Its good to know there is something cut in the foot well to save me the ache of drilling. Is that Drivers or passengers side? ) batttery side I assume?

Also, its been pointed out a lot of times I should run the audio cables to the opposite side of the power cable to the amp, any tips or ideas in how to run the audio cables from the HU via the drivers side. Is that even really needed at all?
 
Yeah, it's battery side so comes out behind the glove box. If you squeeze the glove box sides in then you can pull it down and it'll come out nearish to the fuse box in there.

People do say that you should run the cables to the opposite side and I did on that car. Power and amp remote from the head unit down the passenger side and RCA lead down the driver side. I just pulled the wires out from behind the head unit and into the driver's foot well (quite easy with the stock head unit out), cable tied the wire up in a couple of places so it didn't dangle down and then just popped the trim pieces off and ran it behind those and down the car.

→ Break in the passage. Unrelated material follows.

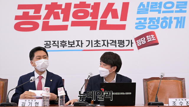 이준석 국민의힘 대표와 김기현 원내대표가 7일 오전 국회에서 열린 최고위원회의 참석하며 악수하고 있다. (사진=공동취재단)

I couldn't be bothered to do it with my next car though so just ran power, RCA, remote, reverse cam power and reverse cam video cables all down the same side. Never caused any issues with mine but then my kit isn't exactly top notch stuff. Still, there's no interference or anything that I can hear (or see on the reverse feed) anyway.
 
Cheers mate, I appreciate the info, didn't realise I would have to look behind the glove box, took it out before so thats pretty easy, was the last part I was worried about actually.
 
Will jsut have to wait and see what its all like tracking the wires, but yea, with it all hanging out over the place ill switch it all on to make sure.
 
You'll want a wire coat hanger to help run cables! Having just installed a double din unit today it proved the best tool to run 4 cables behind the dash (2xUSB, GPS, Mic)
 
You'll want a wire coat hanger to help run cables! Having just installed a double din unit today it proved the best tool to run 4 cables behind the dash (2xUSB, GPS, Mic)
I saw that tip in a Youtube tutorial I Was watching lol. Seems really important for getting the Power line through.
Im hoping I have i way of jsut putting the USB cable into the glove box for my Ipod.
 
Yeah you'll easily get the USB into the glove box in a MK7 Fiesta. You'll see when the stock stereo is out that it's dead easy to thread cables through to just about anywhere :)
 
Make sure you fuse the power cable as close as you can to the battery, definitely before it enters the car. They can carry a lot of current and if it happens to short out inside the car a fire is a very real possibility.

I'd advise securing the sub box somehow. It's a heavy piece of kit and you wouldn't want it flying around inside the car in the event of an accident or roll. A ratchet strap is one ghetto way of doing it.

And the earth/ground wire for the amp is just as important as the power wire. It's something many don't pay enough attention to. Make sure you get a solid clean connection to the body of the car.
 
Make sure you fuse the power cable as close as you can to the battery, definitely before it enters the car. They can carry a lot of current and if it happens to short out inside the car a fire is a very real possibility.

I'd advise securing the sub box somehow. It's a heavy piece of kit and you wouldn't want it flying around inside the car in the event of an accident or roll. A ratchet strap is one ghetto way of doing it.

And the earth/ground wire for the amp is just as important as the power wire. It's something many don't pay enough attention to. Make sure you get a solid clean connection to the body of the car.
Cheers mate..was planning on putting the fuse just to eh side of the battery?
The "Earth wire" etc..can I use a cut off of the gauge wire that im getting ( if any spare, and use some of it?)
My plan is to remove a bolt in the back..remove the paint, and put it there.